Assessment of Perioperative Events and Problems



Ricardo Martinez-Ruiz and Christopher J. Gallagher



Hypotension and Causes of Cardiovascular Instability




The TEE is the anticrash weapon of choice.


When badness happens (and we’ve all seen it happen), you might not have a Swan or CVP. And even if you do, you’re still wrestling with numbers that tell you something, but not the whole picture. You are left with a set of numbers from which you infer, or hope, you have the picture.

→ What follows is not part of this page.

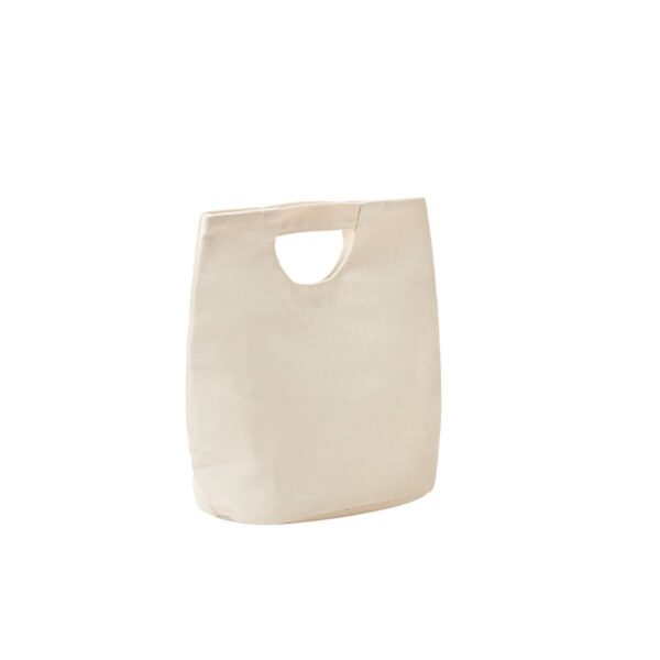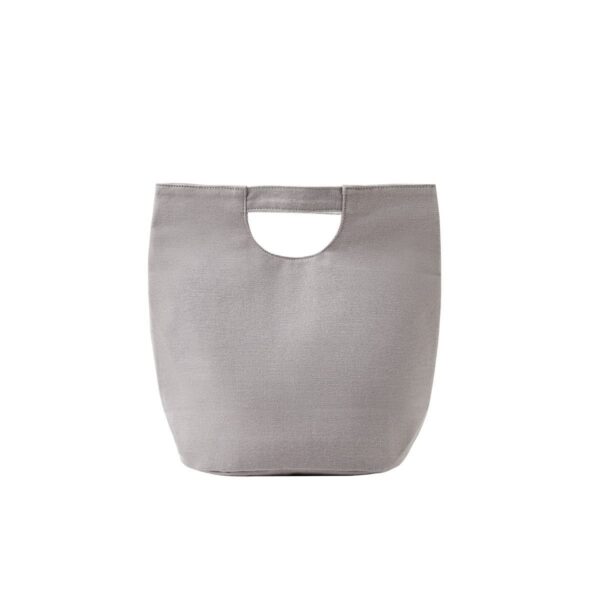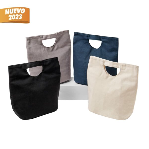Lonchera con asa de mano y fuelle en la base. Incluye broche de imantado para cerrar. Interior metalizado.

The TEE gives you the real picture, right now, no need for a leap of faith.


Cahalan points out in the tapes and at the meetings that, even with only a little TEE experience, most people can diagnose the most common problems in mere minutes. After all, when most patients go to caca, you want to know:



For most problems, then, Cahalan gives us a nice, neat, easy-to-understand and inherently obvious breakdown of the main causes of hypotension:



1. End-diastolic area decreased, ventricle contracting OK—You’re low on volume. The heart is empty, so fill it.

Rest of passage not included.